To define “Feu-Superiority”: superiority simply means the ownership of a piece ground, while “feu” may be explained as the perpetual lease at a fixed rent for a piece of land held by such a lease. The word “feu” originates from old French for “fee” - a payment made in olden days, by a vassal to his superior. This payment could be in the form of money or kind (e.g. grain) in return for not having to enlist and do military service for his master.
While he was alive, Sir James himself would be responsible for supervising the Council’s maintenance of the park. However, after his death, as Dr Barnardo’s now held the feu-superiority, they would have the task of monitoring the Council’s work. And to that end, they were given the authority to have an official from the Forestry Commission inspect the policies every three years or so, to ensure that the park was being maintained in accordance with his wishes. Should it not be, and then the McDonald Park would be handed over to Dr Barnardo’s Homes.
However, the conditions relating to the golf course were somewhat different.
Even if the McDonald Park did become the property of Barnardo’s, the Council would nevertheless continue to have the responsibility of ensuring that golf continued to be played over the course. The exact wording in the Blench Charter was that the Council retained “a perpetual servitude right of using said golf course as such”. In other words the golf course had to remain a golf course and it could not be developed for any other purpose irrespective of who owned it. Now as stated above, Dr Barnardo’s had the authority to have the park inspected every three years or so, but in reality these checks were infrequent, if indeed they were carried out at all. Until that is, when a chain of events was set in motion, that would have significant consequences for the golf club.
In the early 1960s, Miss Scott, the niece of Sir James, who had formally opened the club in 1927, reported to the late Charles G Brown, senior partner in the law firm of Burnett and Reid, Aberdeen that in her opinion the McDonald Park was not being properly looked after.

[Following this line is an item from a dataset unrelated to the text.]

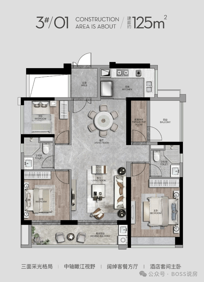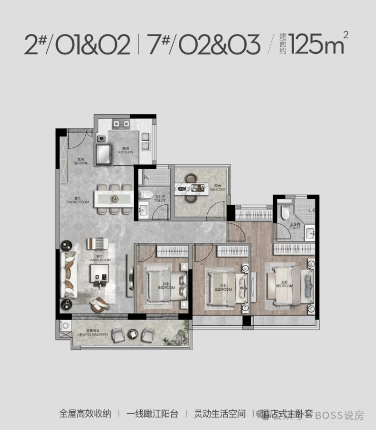 高端住宅:996套,约125-260㎡三至四房,2梯2户、2梯4户、3梯4户,带高品质精装修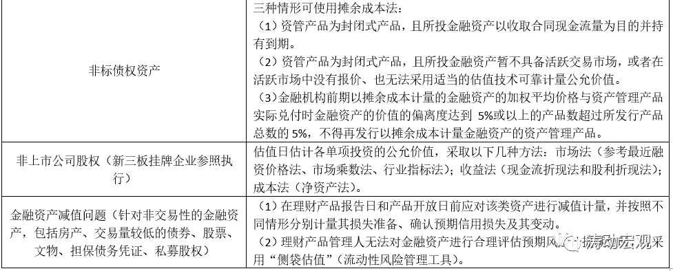 2、考慮到部分資產尚不具備以市值計量的條件,過渡期內封閉期在半年以上的定期開放式資管產品、銀行現金管理類理財產品(當然這里也包括貨幣市場基金)適用攤余成本計量。

The complaint was forwarded both to the Standard Bank of South Africa. Who were acting as Trustees for the now late Sir James, and also to Dr Barnardo’s. The latter, as required by the terms of the Minute of Agreement, sent an official from the Forestry Commission to Ellon, and he, along with Mr Raeburn, spent the better part of two days inspecting the park. They concluded the complaints were justified and had to be remedied.
This episode must have brought home to Dr Barnardo’s, the fact that ownership of the Feu-superiority, far from being in any way profitable, was a liability. Like Sir James before them, they had never asked for the rental to be paid. Not surprisingly then, in 1990, Dr Barnardo’s decided to put the Feu-superiority up for sale but the golf club was not informed of this decision.
The Gordon District Council, successors to the Ellon Town Council, bought the feu-superiority for £10,000 and, in doing so, set in motion a chain of events, which would be of huge significance for the McDonald Golf Club, and would not be resolved for more than almost two decades. This issue will be looked at later.